How are monoclonal antibody production technologies evolving to improve CK20 antibody performance?

Advancements in monoclonal antibody production technologies are significantly enhancing the quality, consistency, and specificity of CK20 antibodies. Key technological developments include:

  • Recombinant antibody production: Moving away from hybridoma-based production to recombinant expression systems improves consistency and reduces lot-to-lot variation. Recombinant rabbit monoclonal antibodies for CK20, such as those validated across more than 50 different normal and neoplastic tissues , offer enhanced reproducibility.

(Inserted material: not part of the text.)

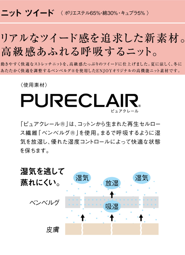 リアルなツイード感を追求した新素材。高級感あふれる呼吸するニット。動きやすく快適なストレッチニットを、高級感たっぷりのツイードに仕上げました。夏に涼しく、冬にあたたかく快適を調整するベンベルグ®を使用したENJOYオリジナルの高機能ニット素材です。見た目はジャケットでも着心地はカーディガン。

  • Animal-origin-free production systems: Modern antibody production utilizes animal-origin-free culture supernatants for protein A affinity purification . This approach reduces potential contaminants and improves consistency while addressing ethical considerations.

  • Enhanced purification processes: Advanced chromatographic methods optimize monoclonal antibody purification. Design of Experiments (DOE) approaches have demonstrated that streamlined purification processes can maintain high selectivity . These optimized processes contribute to improved antibody performance and consistency.

  • Clone-specific optimization: Comparative studies of different CK20 antibody clones (e.g., Ks20.8 vs. SP33) have identified superior performers for specific applications . This clone-specific knowledge guides researchers in selecting optimal antibodies for their particular applications.

  • Application-specific formulations: Modern CK20 antibodies are formulated in specialized buffers (e.g., 50% Glycerol/PBS with 1% BSA and 0.09% sodium azide) that enhance stability and performance across different applications.

These technological advances collectively contribute to more sensitive, specific, and reproducible CK20 antibodies for research and diagnostic applications. The continued evolution of production methods promises further improvements in antibody performance and consistency.